Data section:
# # # # # # #

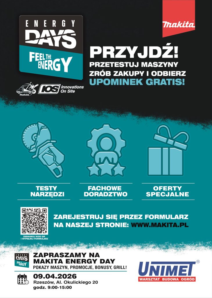 Już 9 kwietnia będzie miało miejsc wyjątkowe wydarzenie, które naładuje Cię pozytywną energią i wiedzą technologiczną. W ten dzień w godz. 9-15 wspólnie z marką Makita organizowany zostanie Energy Day w Unimet Rzeszów! Wydarzenie odbędzie się w Rzeszowie przy ul. Okulickiego 20.
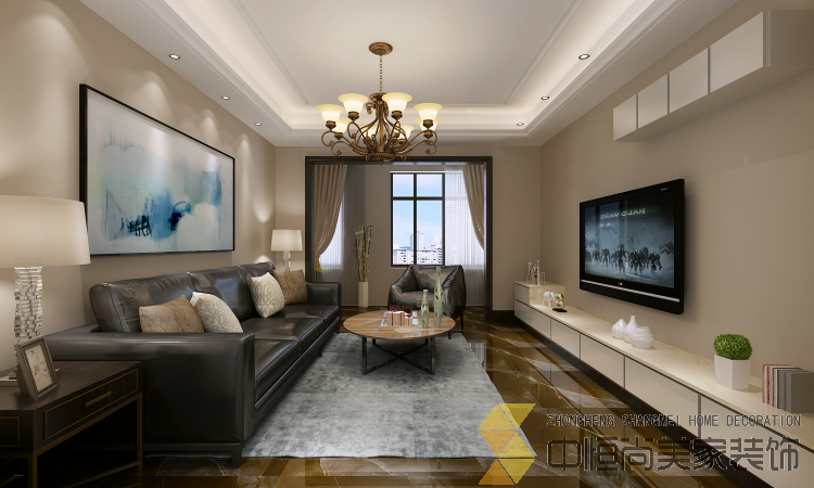 • 设计亮点: 1.厨房做开放式厨房,增加倒台,使厨房面积最大化利用 2.主卧门改位置,增加端景,主卧增加衣柜空间 3.压缩书房空间,增加房子的储物空间 业主是一家三口,女儿在读研究生,平时外人亲戚流动比较少,男主是一位生活讲究的生意人,对家的要求较高,客厅沉稳大气,以深色地砖和暖灰的墙布来做整体背景色,以大气的皮质沙发来凸显家具的高级感,营造整体舒适温馨的环境。卧室宽敞明亮,简洁的造型,搭配拼接方格木地板,清新自然。
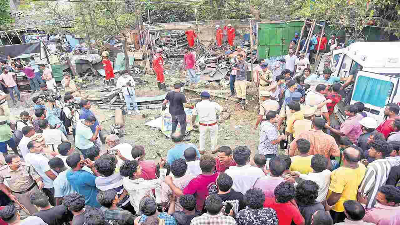 కాగా, పేలుడు జరిగిన ప్రాంతంలోకి వెళ్లేందుకు కొందరు ప్రయత్నించడంతో వన్టౌన్ సీఐ జీడీబాబు ప్రత్యేక సిబ్బందిని నియమించి నియంత్రించారు. అగ్నిమాపక సిబ్బంది పేలుడు జరిగిన ప్రాంతంలో ఇంకా ఏమైనా సిలిండర్లు పేలే అవకాశం ఉందేమోనని పరిశీలించారు. వెల్డింగ్ దుకాణంలో మూడు ఎల్పీజీ సిలిండర్లతోపాటు రెండు ఆక్సిజన్ సిలిండర్లు ఉన్నాయి. ఇంకేమైనా పేలుడుకు కారణమైందా? అనే కోణంలో పోలీసులు, అగ్నిమాపక శాఖ అధికారులు దర్యాప్తుచేస్తున్నారు.
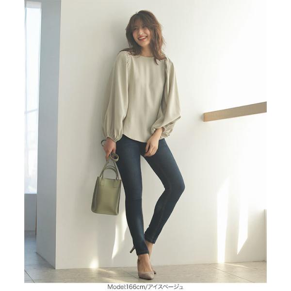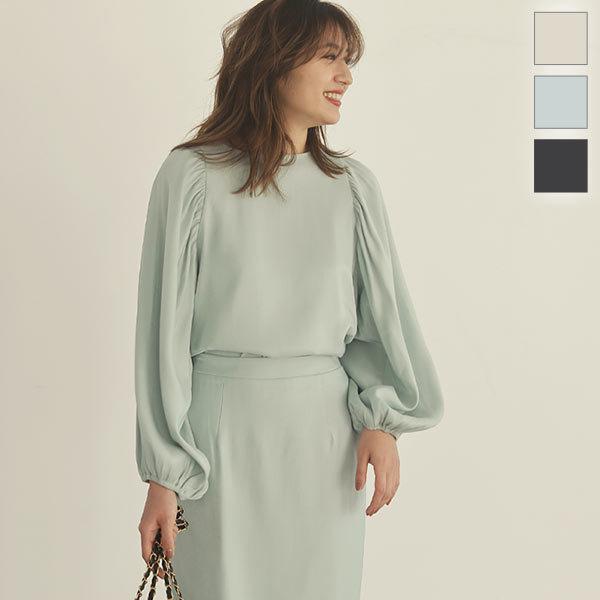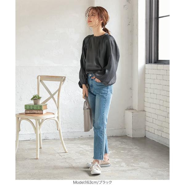 黒 オーロラツイルパワショルブラウス レディース 長袖 トップス 上品 大人 きれいめ オフィス C5167

# # # # # # #

What is expected: Through the line containing "设计亮点: 1.厨房做开放式厨房,增加倒台,使厨房面积最大化利用 2.主卧门改位置,增加端景,主卧增加衣柜空间" and no further, restate the data above word for word from its first line, leaving out pictures.

Written solution:
 Już 9 kwietnia będzie miało miejsc wyjątkowe wydarzenie, które naładuje Cię pozytywną energią i wiedzą technologiczną. W ten dzień w godz. 9-15 wspólnie z marką Makita organizowany zostanie Energy Day w Unimet Rzeszów! Wydarzenie odbędzie się w Rzeszowie przy ul. Okulickiego 20.
 • 设计亮点: 1.厨房做开放式厨房,增加倒台,使厨房面积最大化利用 2.主卧门改位置,增加端景,主卧增加衣柜空间 3.压缩书房空间,增加房子的储物空间 业主是一家三口,女儿在读研究生,平时外人亲戚流动比较少,男主是一位生活讲究的生意人,对家的要求较高,客厅沉稳大气,以深色地砖和暖灰的墙布来做整体背景色,以大气的皮质沙发来凸显家具的高级感,营造整体舒适温馨的环境。卧室宽敞明亮,简洁的造型,搭配拼接方格木地板,清新自然。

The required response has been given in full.